The spherical model is smoother, due to greater the nugget (relative to the sill) further smoothing the interpolation. Repeat using a spherical model and fixed nugget equal to 1.

r.modelS2 = likfit(parana, ini = iv, cov.model = "sph", trend = "2nd", fix.nug = TRUE, 
    nugget = 1, messages = TRUE)

## kappa not used for the spherical correlation function
## ---------------------------------------------------------------
## likfit: likelihood maximisation using the function optim.
## likfit: Use control() to pass additional
##          arguments for the maximisation function.
##         For further details see documentation for optim.
## likfit: It is highly advisable to run this function several
##         times with different initial values for the parameters.
## likfit: WARNING: This step can be time demanding!
## ---------------------------------------------------------------
## likfit: end of numerical maximisation.
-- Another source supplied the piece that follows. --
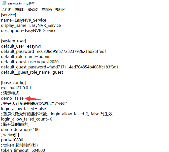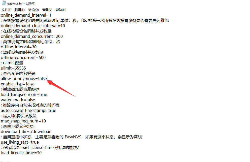 1)修改配置文件easynvr.ini的相关配置参数,如下图:
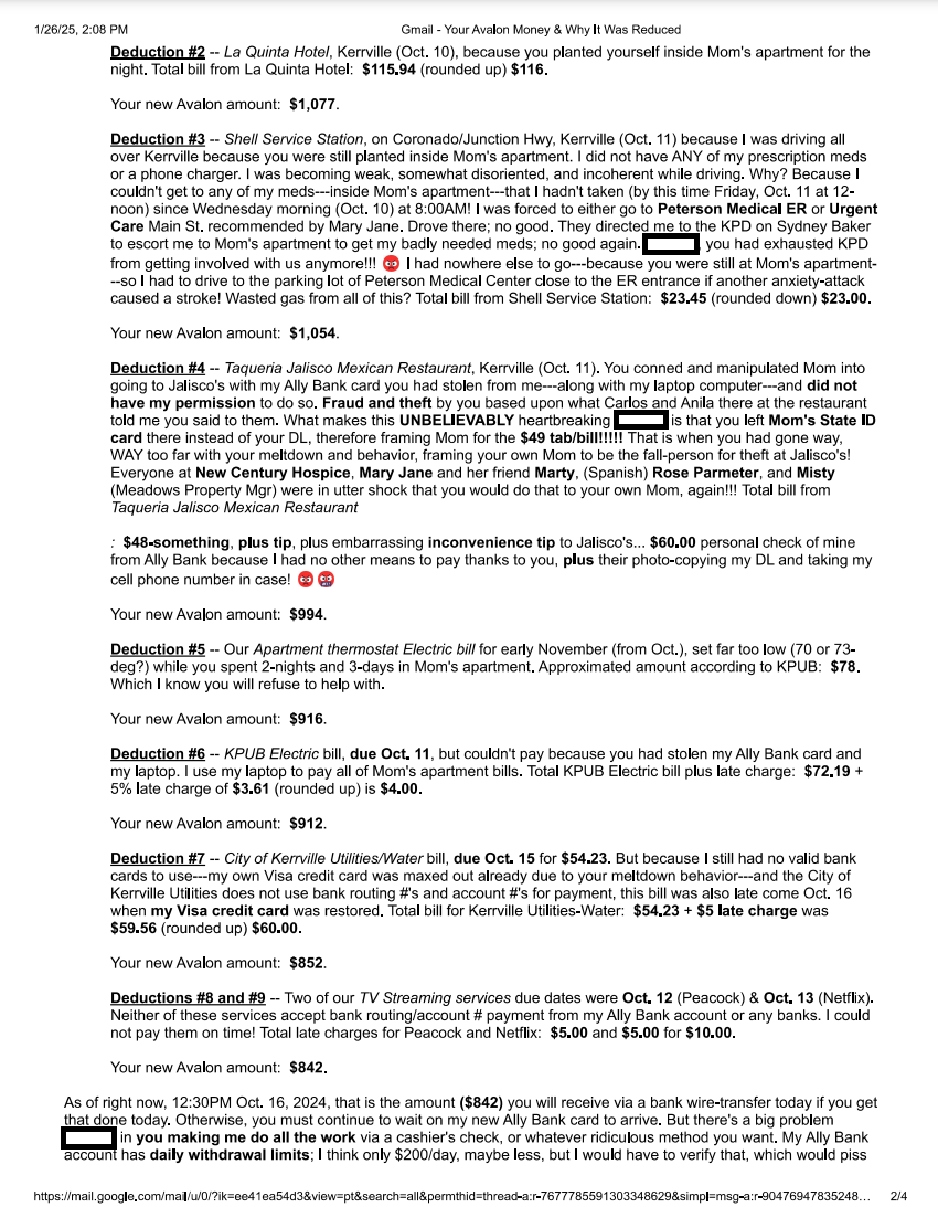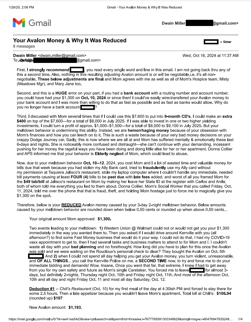 Should any of you wish to read the email (Page 1 click here, pg. 2 click here, short pg. 3 click here) I had to send to my sister about this latest 9-day/night psychotic meltdown on me—she was impossible to speak with civilly or maturely and logically those days and nights that I had to get a hotel room 2-nights when she wouldn’t leave Mom’s apartment—so consequently we have yet to speak to each other either in person or by phone or text message. She’s been and still being a royal, immature, asshole to me over a situation I had no control over whatsoever. As is often the case with arguing family members, the initial issue and subsequent meltdown at Walmart had to do with money, her portion of money Mom said she could have from the sale of Mom’s 2007 Toyota Avalon XL Sedan that I had completed after 4-months listed, all by myself, on Oct. 5th, 2024 for $7,600. The rest of the insanity is available via the “click here” links above.

kcS2 = krige.conv(parana, loc = r.grd, krige = krige.control(trend.d = "2nd", 
    trend.l = "2nd", obj.m = r.modelS2))

## krige.conv: results will be returned only for prediction locations inside the borders
## krige.conv: model with mean given by a 2nd order polynomial on the coordinates
## krige.conv: Kriging performed using global neighbourhood

image(kcS2, col = rev(rainbow(20)), xlab = "Longitude", ylab = "Latitude")
title(main = "Spherical Model w/ Nugget = 1")
contour(kcS2, add = TRUE, nlevel = 20)

plot of chunk sphericalModelFixedNugget

Increasing nugget, increases the smoothing.

Examine the prediction errors.

xv = xvalid(parana, model = r.modelS)

## xvalid: number of data locations       = 143
## xvalid: number of validation locations = 143
## xvalid: performing cross-validation at location ... 1, 2, 3, 4, 5, 6, 7, 8, 9, 10, 11, 12, 13, 14, 15, 16, 17, 18, 19, 20, 21, 22, 23, 24, 25, 26, 27, 28, 29, 30, 31, 32, 33, 34, 35, 36, 37, 38, 39, 40, 41, 42, 43, 44, 45, 46, 47, 48, 49, 50, 51, 52, 53, 54, 55, 56, 57, 58, 59, 60, 61, 62, 63, 64, 65, 66, 67, 68, 69, 70, 71, 72, 73, 74, 75, 76, 77, 78, 79, 80, 81, 82, 83, 84, 85, 86, 87, 88, 89, 90, 91, 92, 93, 94, 95, 96, 97, 98, 99, 100, 101, 102, 103, 104, 105, 106, 107, 108, 109, 110, 111, 112, 113, 114, 115, 116, 117, 118, 119, 120, 121, 122, 123, 124, 125, 126, 127, 128, 129, 130, 131, 132, 133, 134, 135, 136, 137, 138, 139, 140, 141, 142, 143, 
## xvalid: end of cross-validation

plot(xv$data, xv$predicted, xlab = "Observed Rainfall (in)", ylab = "Predicted Rainfall (in) at Observed Location", 
    asp = 1, col = "red", pch = 20)
abline(0, 1)
abline(lm(xv$predicted ~ xv$data), col = "red")

plot of chunk xValidate

mean(xv$error^2)

## [1] 536.6

mean(abs(xv$error))

## [1] 17.87

Thus, on average, we can expect to make about a 18 inch error in the prediction of the mean rainfall at an arbitrary location in the domain (based on the mean absolute error).